[[ Working data open ]]

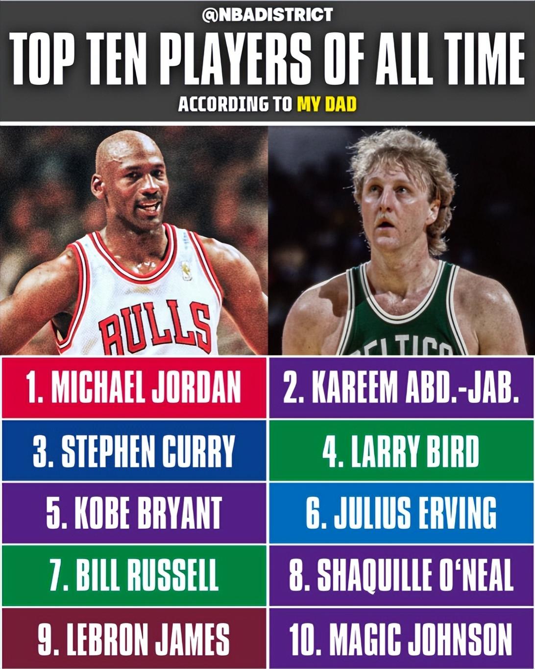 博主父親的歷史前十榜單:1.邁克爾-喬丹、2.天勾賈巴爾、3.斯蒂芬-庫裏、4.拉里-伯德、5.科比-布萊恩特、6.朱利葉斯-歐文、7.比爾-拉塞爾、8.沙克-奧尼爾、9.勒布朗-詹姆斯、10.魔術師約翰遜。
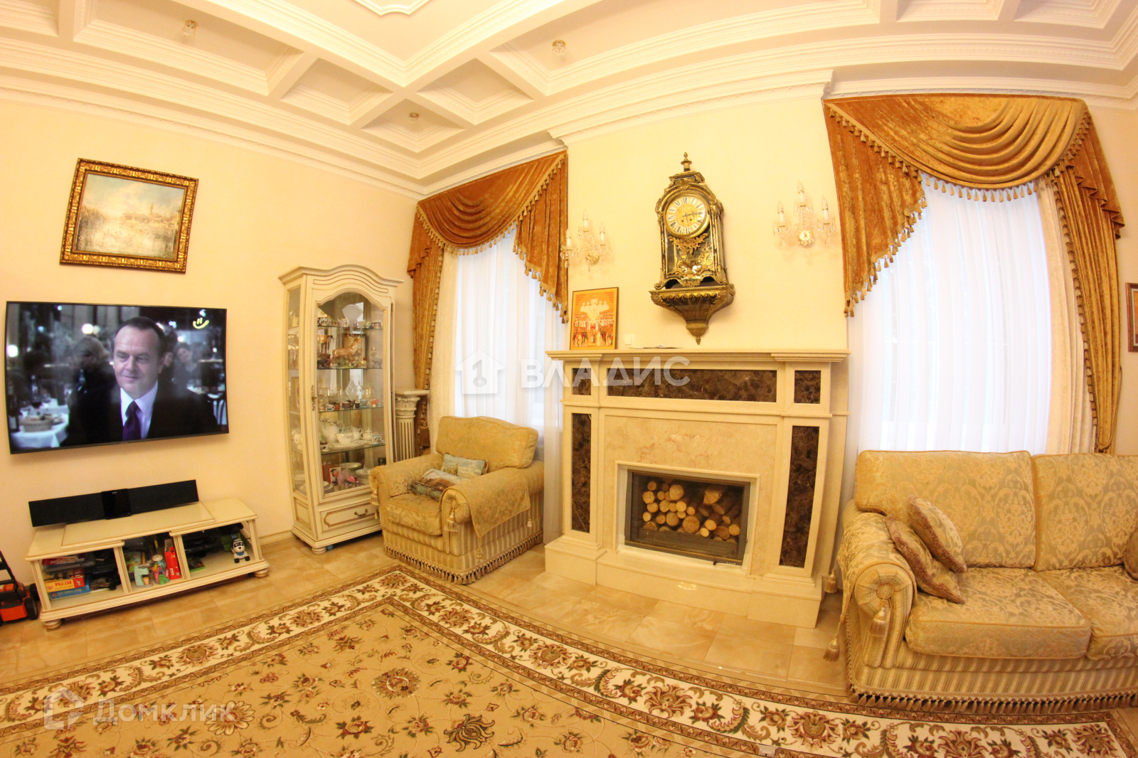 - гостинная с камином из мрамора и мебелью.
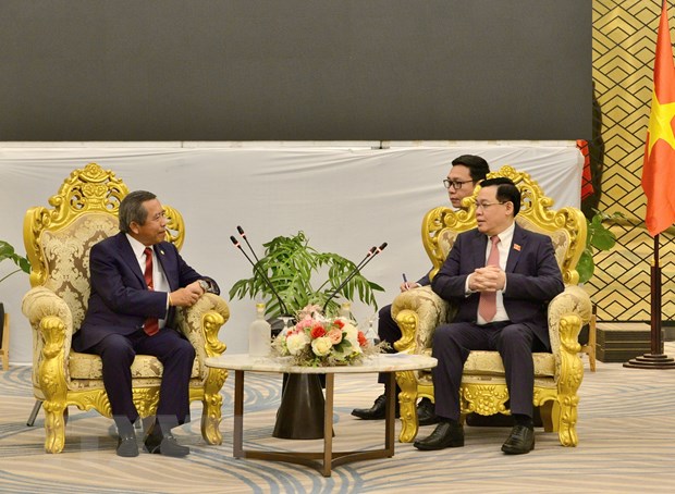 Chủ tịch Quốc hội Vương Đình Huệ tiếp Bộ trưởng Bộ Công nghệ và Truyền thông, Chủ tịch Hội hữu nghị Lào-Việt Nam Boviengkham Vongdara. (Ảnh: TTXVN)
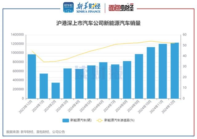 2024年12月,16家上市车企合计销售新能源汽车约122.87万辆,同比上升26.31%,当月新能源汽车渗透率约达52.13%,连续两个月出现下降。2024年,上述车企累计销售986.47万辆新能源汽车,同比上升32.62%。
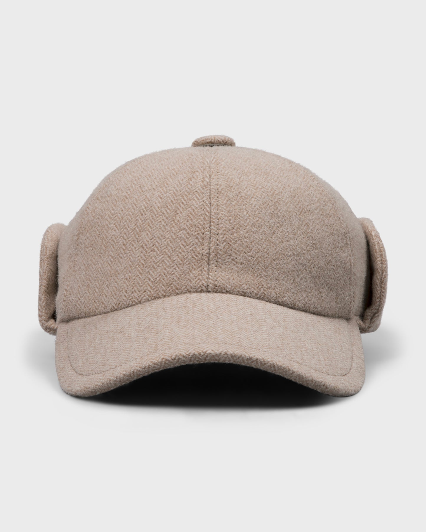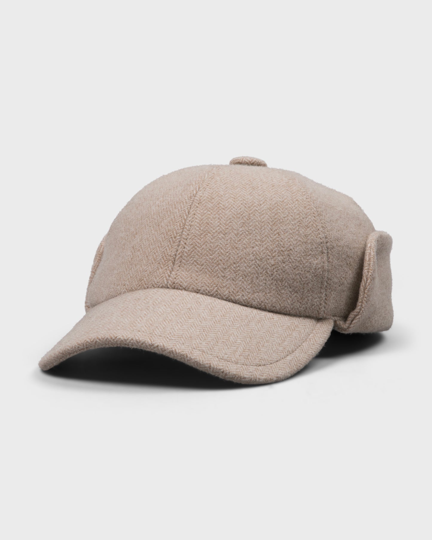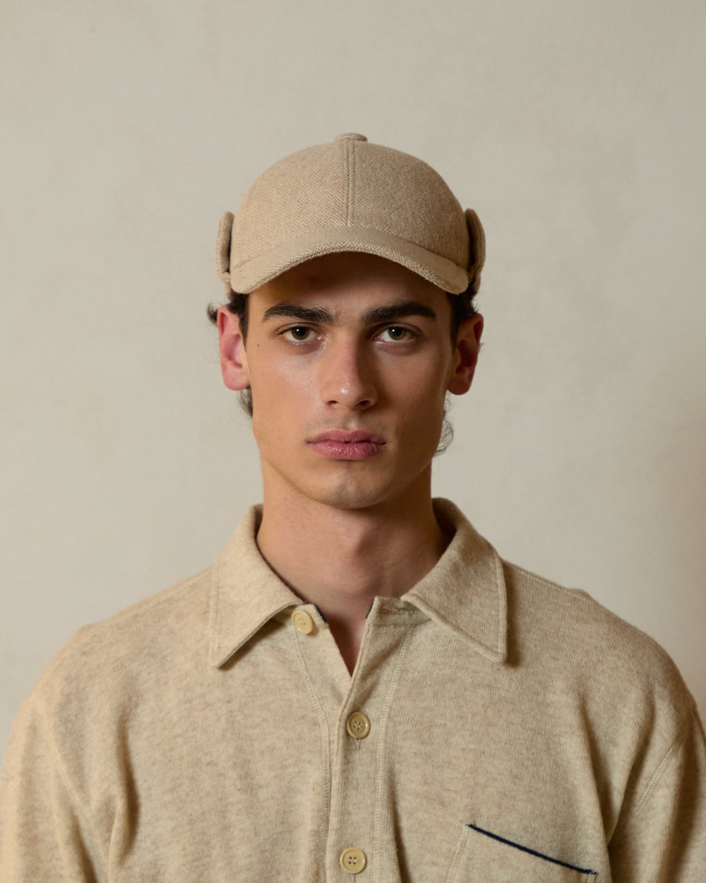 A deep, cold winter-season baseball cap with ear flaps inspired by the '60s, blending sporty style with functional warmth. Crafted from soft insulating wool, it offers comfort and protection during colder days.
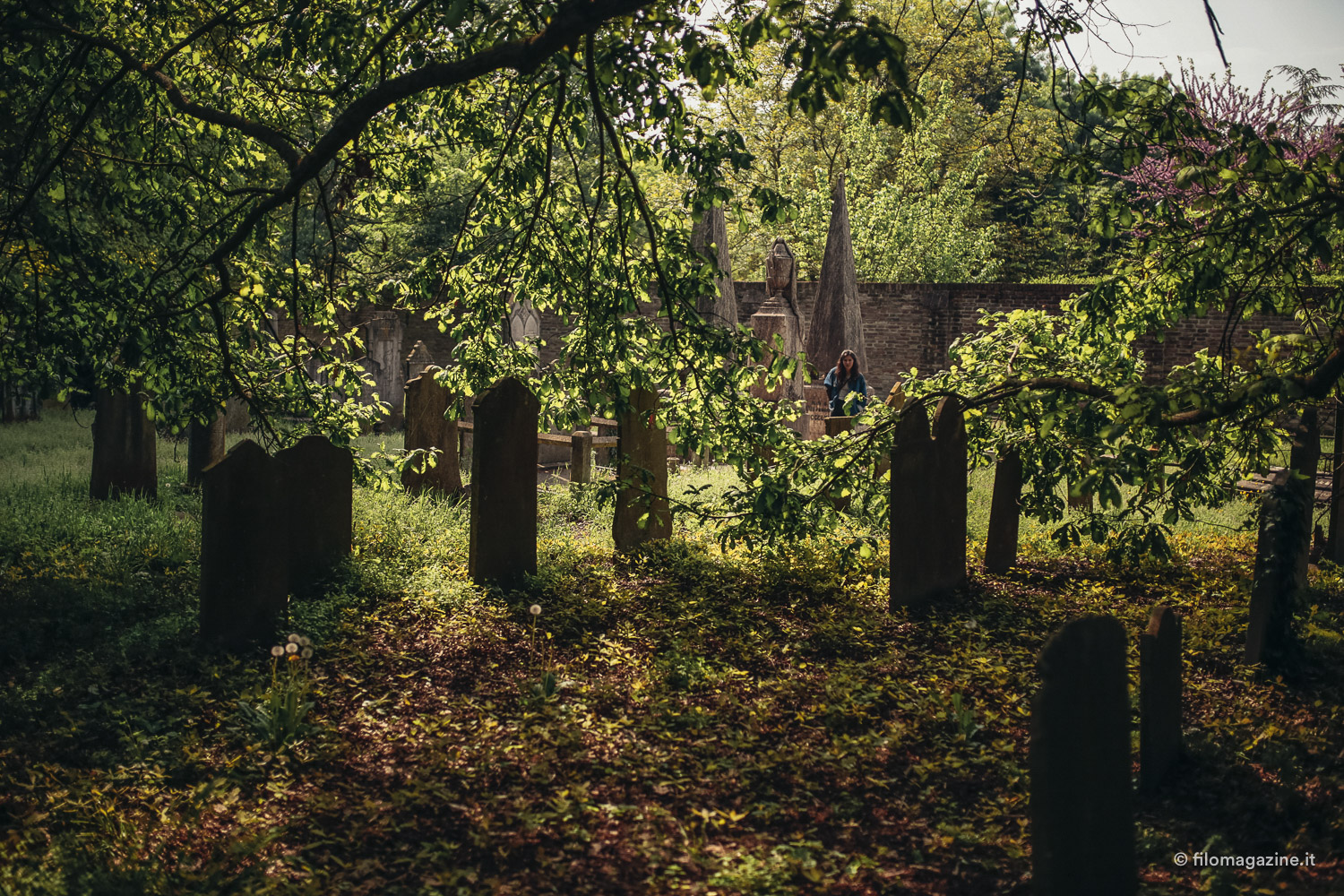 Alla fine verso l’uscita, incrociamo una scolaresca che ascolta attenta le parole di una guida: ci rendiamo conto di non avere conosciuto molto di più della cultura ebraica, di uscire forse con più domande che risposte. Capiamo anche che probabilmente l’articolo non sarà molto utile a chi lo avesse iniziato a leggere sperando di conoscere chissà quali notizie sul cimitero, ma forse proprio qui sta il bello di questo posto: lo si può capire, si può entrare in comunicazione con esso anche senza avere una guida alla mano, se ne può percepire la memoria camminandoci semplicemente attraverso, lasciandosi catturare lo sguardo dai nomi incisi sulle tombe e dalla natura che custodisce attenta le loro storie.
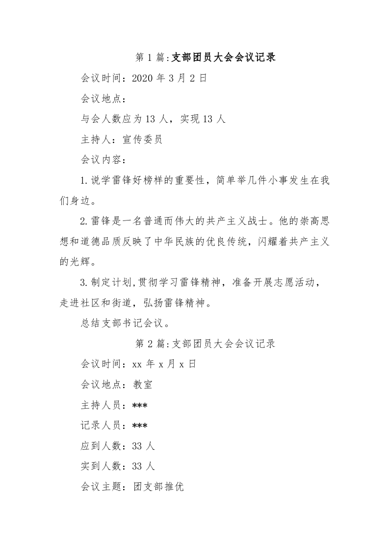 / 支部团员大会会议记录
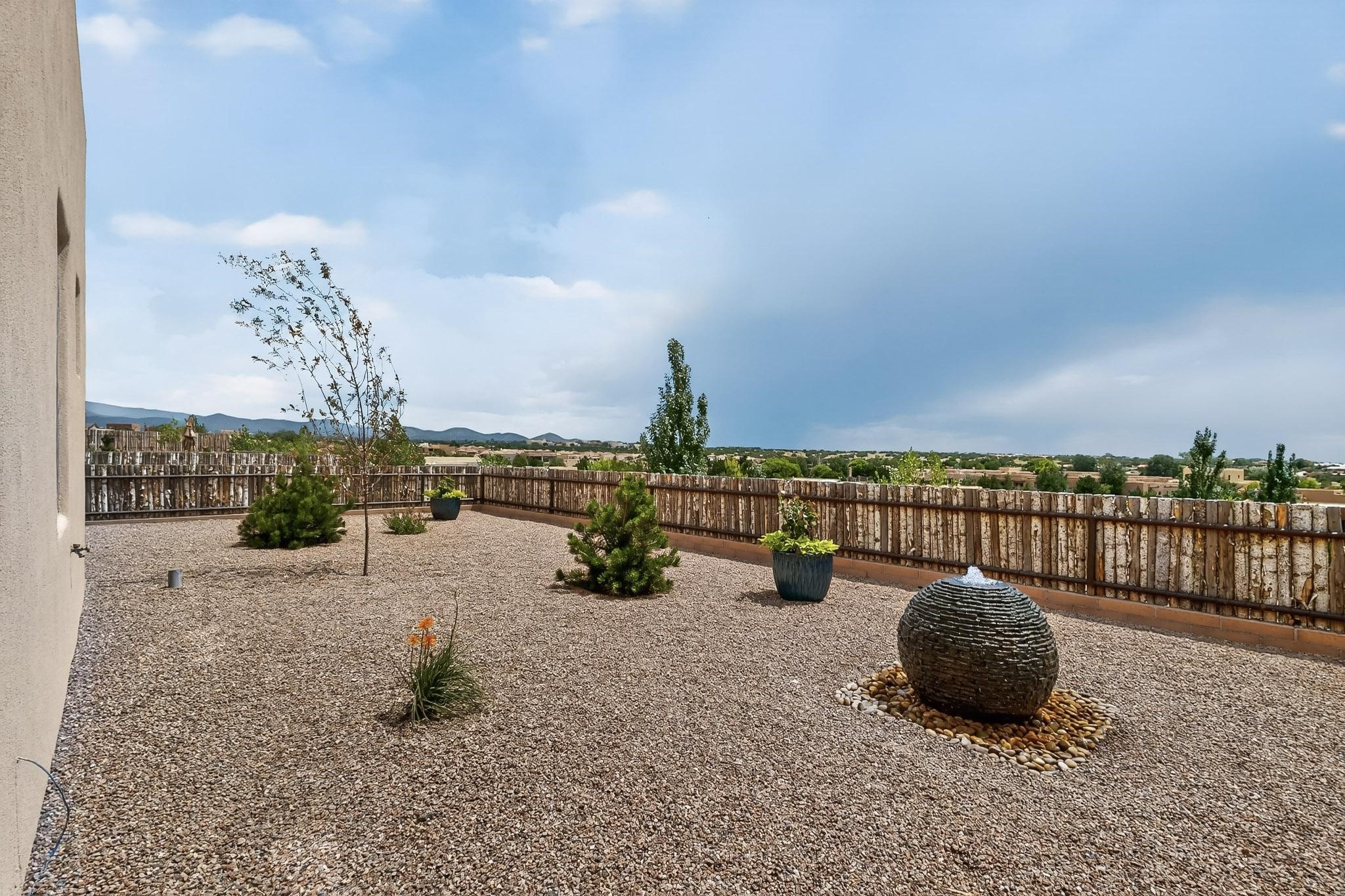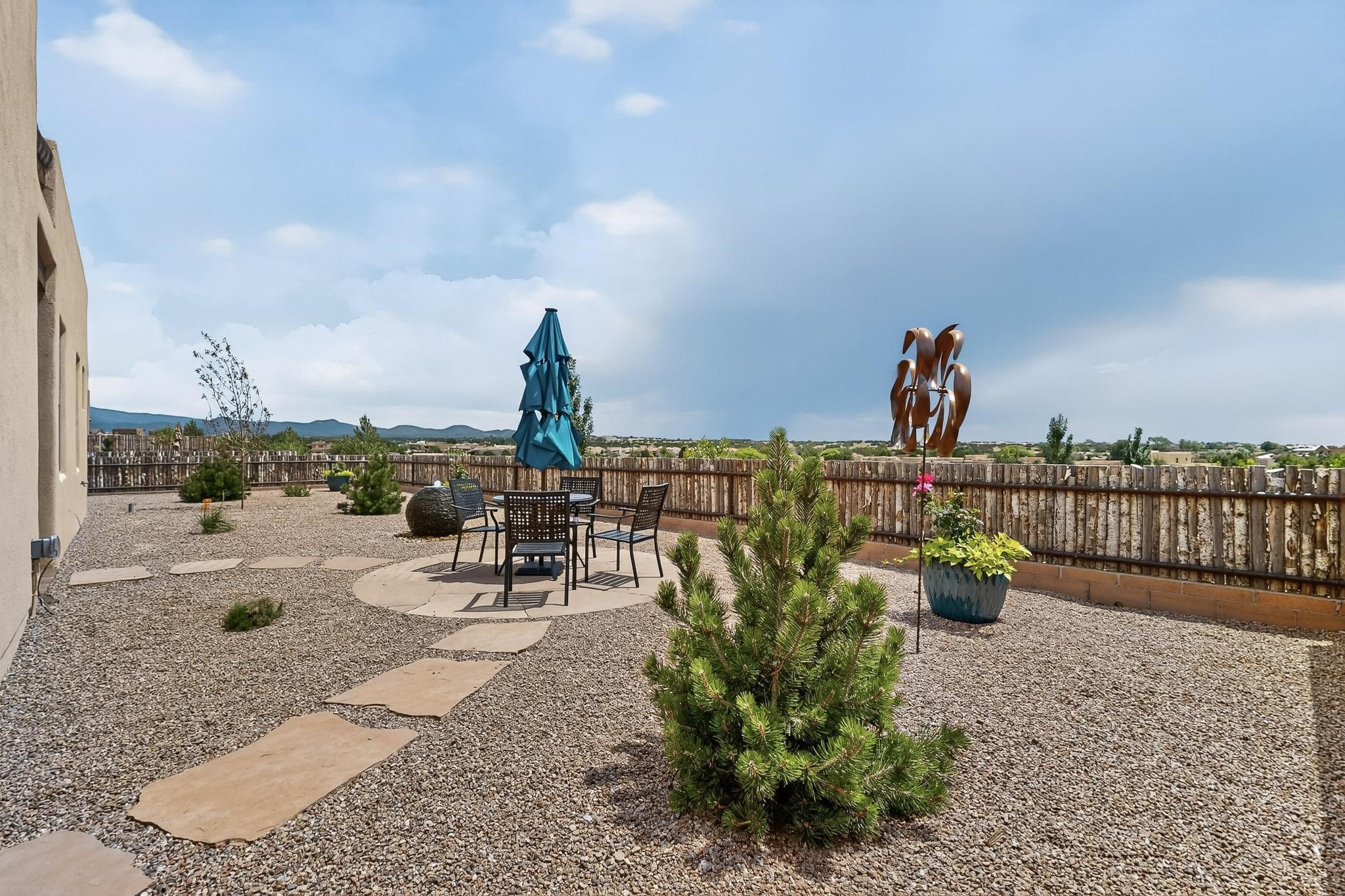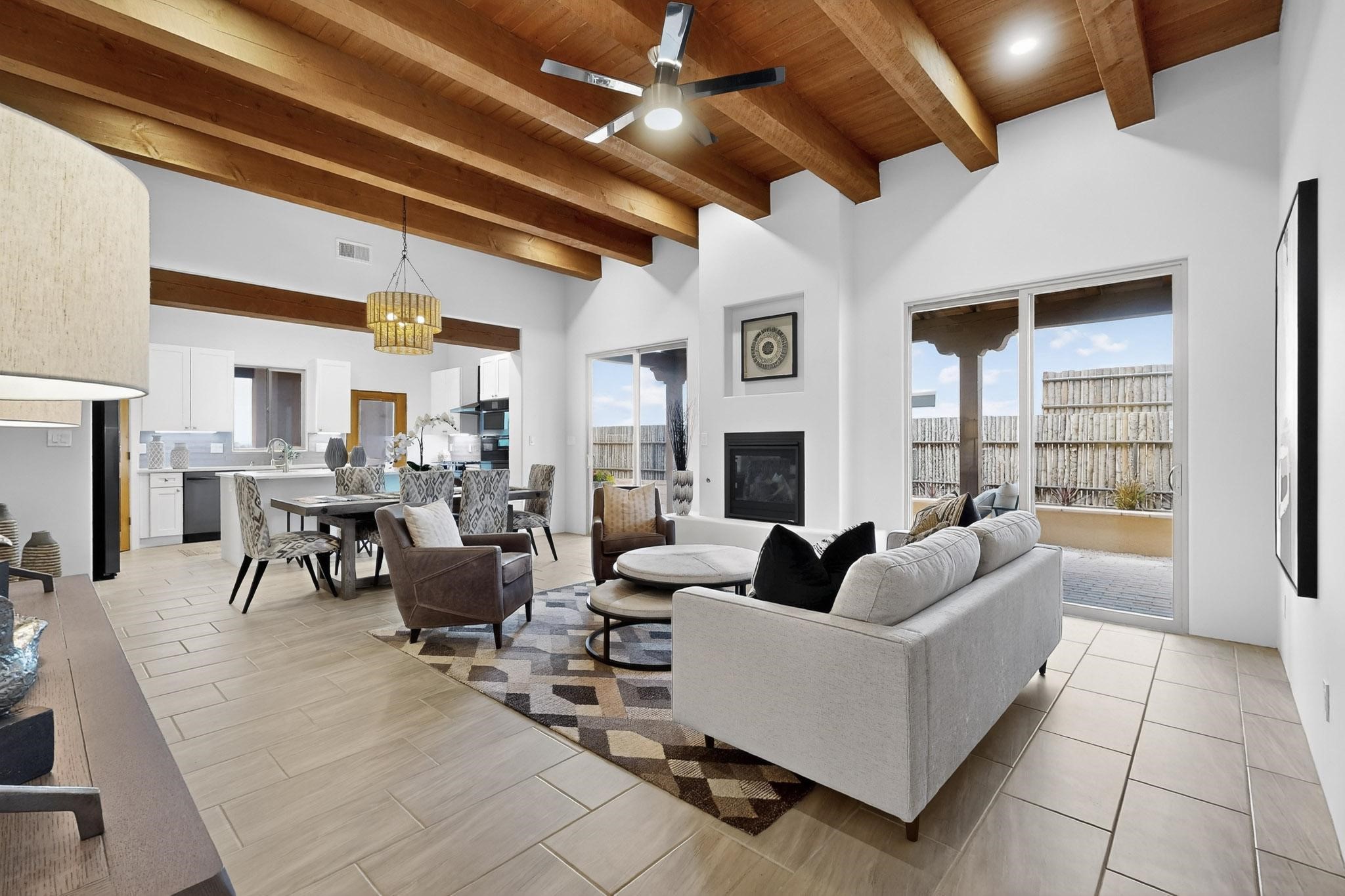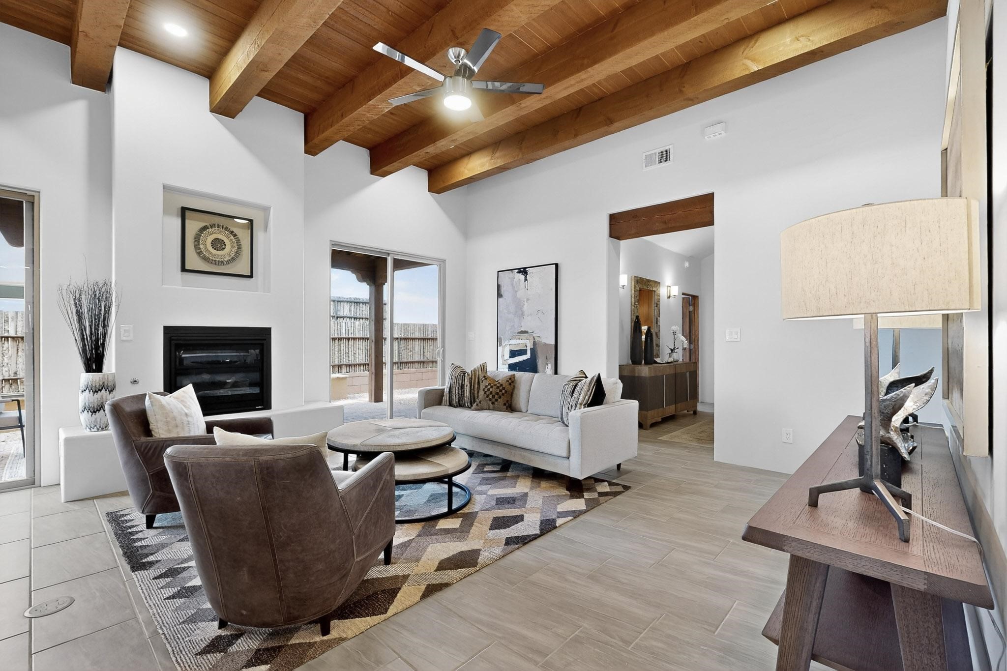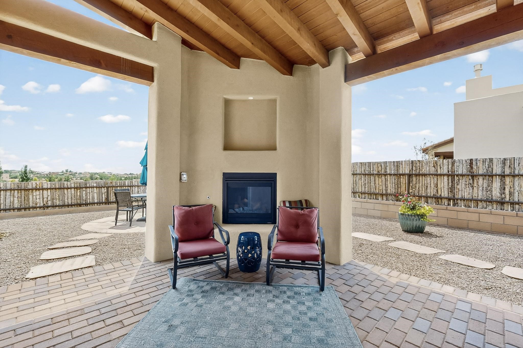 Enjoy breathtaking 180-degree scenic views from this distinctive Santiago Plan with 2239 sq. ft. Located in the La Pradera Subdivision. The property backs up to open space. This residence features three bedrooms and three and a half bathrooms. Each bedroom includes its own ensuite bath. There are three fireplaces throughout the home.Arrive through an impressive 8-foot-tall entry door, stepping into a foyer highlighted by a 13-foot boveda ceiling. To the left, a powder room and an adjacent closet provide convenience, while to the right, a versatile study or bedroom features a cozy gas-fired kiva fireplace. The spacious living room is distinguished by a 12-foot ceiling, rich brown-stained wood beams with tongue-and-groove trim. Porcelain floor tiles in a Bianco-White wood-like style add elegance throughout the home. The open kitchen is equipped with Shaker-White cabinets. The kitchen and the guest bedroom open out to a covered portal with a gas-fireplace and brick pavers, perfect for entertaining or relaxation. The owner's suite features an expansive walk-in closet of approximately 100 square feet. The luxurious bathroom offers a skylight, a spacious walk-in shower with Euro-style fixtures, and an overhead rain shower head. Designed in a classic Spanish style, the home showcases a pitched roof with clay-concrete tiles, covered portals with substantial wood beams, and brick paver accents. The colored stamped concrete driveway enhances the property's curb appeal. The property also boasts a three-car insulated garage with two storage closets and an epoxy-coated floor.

[[ Working data closed ]]

## Directions
Without the pictures, repeat the entries above line by line, from the first through the one that contains "2024年12月,16家上市", both ends included.

## Task output
 博主父親的歷史前十榜單:1.邁克爾-喬丹、2.天勾賈巴爾、3.斯蒂芬-庫裏、4.拉里-伯德、5.科比-布萊恩特、6.朱利葉斯-歐文、7.比爾-拉塞爾、8.沙克-奧尼爾、9.勒布朗-詹姆斯、10.魔術師約翰遜。
 - гостинная с камином из мрамора и мебелью.
 Chủ tịch Quốc hội Vương Đình Huệ tiếp Bộ trưởng Bộ Công nghệ và Truyền thông, Chủ tịch Hội hữu nghị Lào-Việt Nam Boviengkham Vongdara. (Ảnh: TTXVN)
 2024年12月,16家上市车企合计销售新能源汽车约122.87万辆,同比上升26.31%,当月新能源汽车渗透率约达52.13%,连续两个月出现下降。2024年,上述车企累计销售986.47万辆新能源汽车,同比上升32.62%。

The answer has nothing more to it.